As to the first requirement, petitioners were required to demonstrate that the will had not been revoked. Generally, a presumption of revocation arises when a testamentary instrument, known to have been in possession of the testator prior to death, cannot be located after death (see e.g. Collyer v Collyer, 110 NY 481 [1888]). Here, where it is alleged that the decedent’s will was destroyed during his lifetime, petitioners were required to provide proof that the testator, or someone acting at his direction, had not revoked the will (see Matter of Fox, 9 NY2d 400 [1961]).
Based on the facts presented, the court finds petitioners have clearly and convincingly proved that the original will was not revoked by or at the testator’s direction, but rather was *913destroyed by a force of nature (see e.g. Matter of Morel, 2015 NYLJ LEXIS 4591 [Sur Ct, NY County 2015]). Whatever remained of the original instrument after the storm, if anything, was discarded by decedent’s family members along with all of the unsalvageable contents of the first floor of the decedent’s home (see Matter of Markman, 2014 NYLJ LEXIS 1602 [Sur Ct, Bronx County 2014]).
The closing argument made by Frank’s counsel, alleging that the decedent’s failure to execute a new original will prior to death somehow amounted to a revocation, is wholly without merit, constitutes pure speculation and conjecture (see EPTL 3-4.1; Matter of Fox, 9 NY2d 400 [1961]; Matter of Tremain, 169 Misc 549 [Sur Ct, Westchester County 1938]), and stands in stark contrast to Frank’s verified petition and prior affidavit.
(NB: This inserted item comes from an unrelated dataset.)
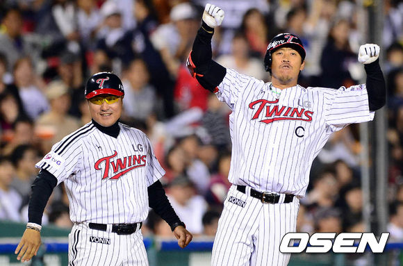 5일 오후 서울 잠실구장에서 열린 '2013 한국야쿠르트 세븐 프로야구' LG 트윈스와 두산 베어스의 경기 6회말 2사 1,3루 이병규가 2타점 3루타를 치고 환호하고 있다.

Accordingly, the court finds that on November 1, 2008, the decedent duly executed a will in conformity with the requirements of EPTL 3-2.1 and that at the time of its execution, he was in all respects competent to make a will and not under restraint. The copy of the will offered for probate is a true and complete copy of the decedent’s original will. Further, the court finds that decedent’s original will was not revoked by the testator.
The petition is granted and the copy of the destroyed will is admitted to probate as the decedent’s last will and testament. Letters testamentary shall issue to petitioners upon their duly qualifying.
This hearing was originally scheduled for March 14, 2017, at which time the attorney draftsperson had flown in from California to New York to testify. Unfortunately, the hearing was not held on that day due to a snowstorm resulting in the court’s closure. Ultimately, his testimony was not necessary.